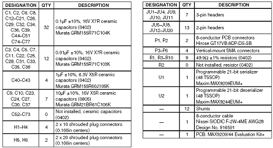 PCB and come with a MAX9209EUM+ and a MAX9244EUM+ installed.
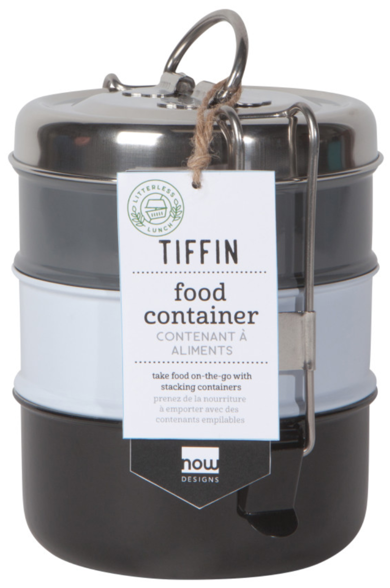 Originally used to pack up a homemade meal for transport through the busy streets of India, the tiffin is made up of three stainless steel containers that stack together. A snap closure keeps contents secure while a handle makes carrying convenient.
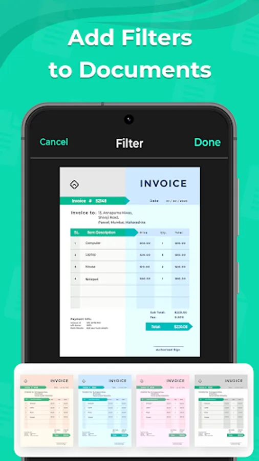 Just take a snap of the document with your phone's camera, and let Camera Scanner do the rest. This quick scan app automatically crops the document, detects its edges, and optimizes colors with various filters. It even identifies the corners for the best quality scan. You can also crop unwanted parts of the document with CS. Furthermore, you can scan documents that are already saved in your phone gallery, whether they're PDF files or regular pictures.
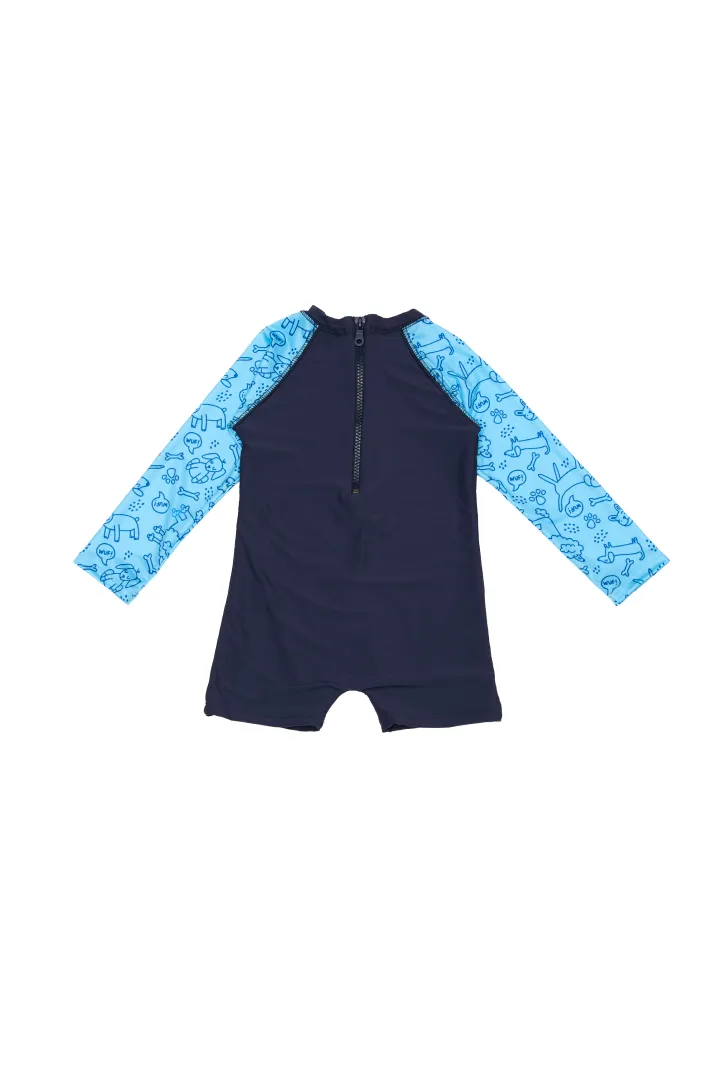 Enterizo de lycra que cubre brazos y piernas hasta encima de la rodilla, todo en uno. Cierre en parte trasera. Protección UPF 50+.
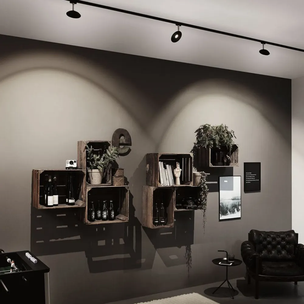 Lindby Skinnesystem>LED-spot 48 V Lumaro, sort, Ø 7,3 cm, aluminium, dæmpbar
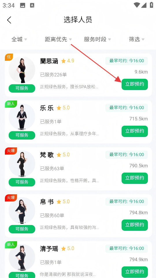 3、在选择人员页面,挑选合适的服务人员,点击其右侧的【立即预约】按钮。
+++
* [What the exercise asks] All lines from the first in the listing above to the line containing "Originally used to", inclusive, go in the output exactly as they are; no pictures go in.

* [Your response]
 PCB and come with a MAX9209EUM+ and a MAX9244EUM+ installed.
 Originally used to pack up a homemade meal for transport through the busy streets of India, the tiffin is made up of three stainless steel containers that stack together. A snap closure keeps contents secure while a handle makes carrying convenient.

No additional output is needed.